>>>

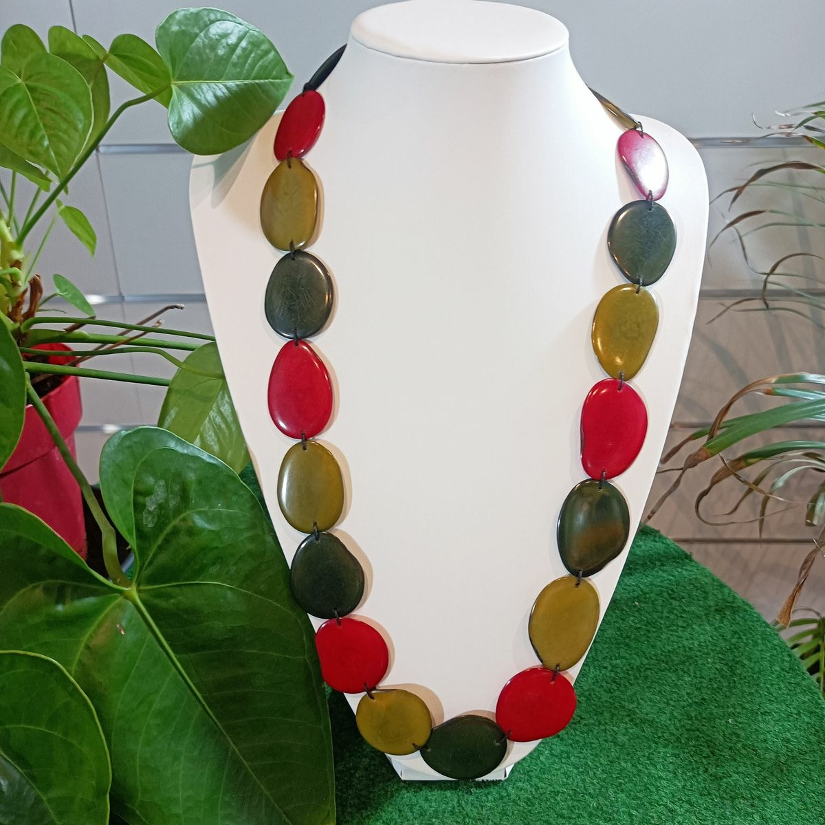 Collier Shakira rouge-kaki-vert en ivoire végétal
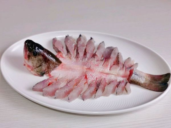 鱼身中间的鱼骨去掉,把肉片下来,将肉切成梳子状。
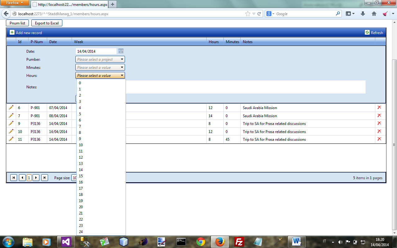 For the dropdownlist "hours" show the first 12" values and then the others only on demand.
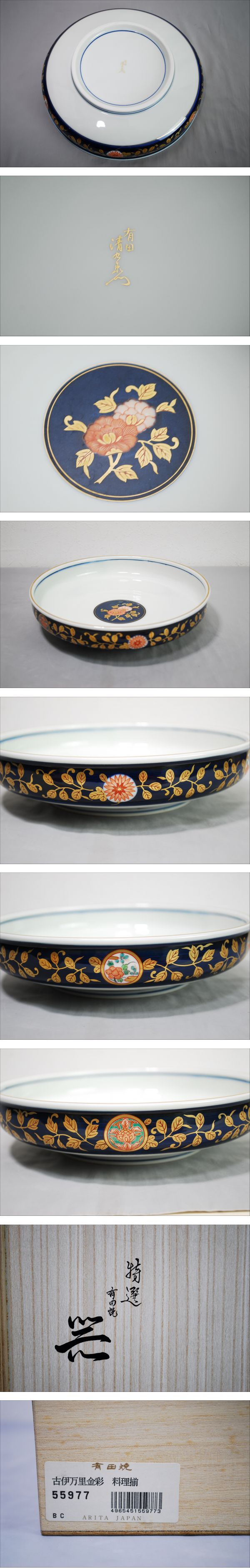 | 有田焼 古伊万里金彩 料理揃 清乃窯 深皿 盛鉢 2枚セット 木箱/検索用 時代物 大皿 平皿 盛皿【12033】 | ||
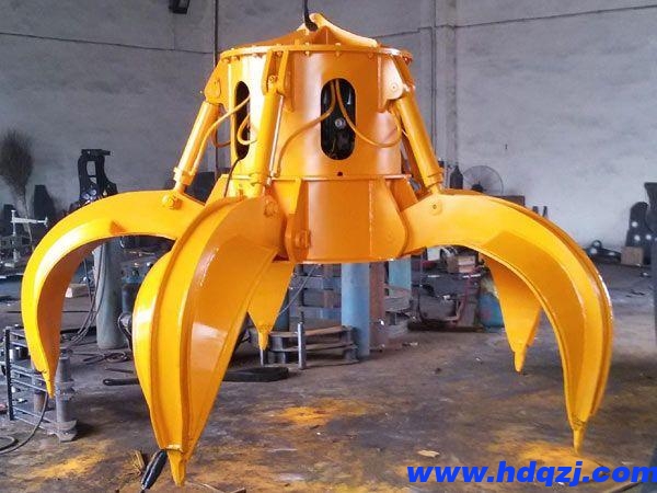 電動(dòng)液壓抓斗的原理是將電能,通過(guò)液壓系統(tǒng)來(lái)作功,實(shí)現(xiàn)抓斗的開(kāi)閉,達(dá)到裝卸貨物的目的。

<<<

Your objective: Your copy should hold exactly the lines from the line containing "鱼身中间的鱼骨去掉,把肉片下来,将肉切成梳子状。" through the last line of the listing above, both included, and no pictures.

Solution to this task:
 鱼身中间的鱼骨去掉,把肉片下来,将肉切成梳子状。
 For the dropdownlist "hours" show the first 12" values and then the others only on demand.
 | 有田焼 古伊万里金彩 料理揃 清乃窯 深皿 盛鉢 2枚セット 木箱/検索用 時代物 大皿 平皿 盛皿【12033】 | ||
 電動(dòng)液壓抓斗的原理是將電能,通過(guò)液壓系統(tǒng)來(lái)作功,實(shí)現(xiàn)抓斗的開(kāi)閉,達(dá)到裝卸貨物的目的。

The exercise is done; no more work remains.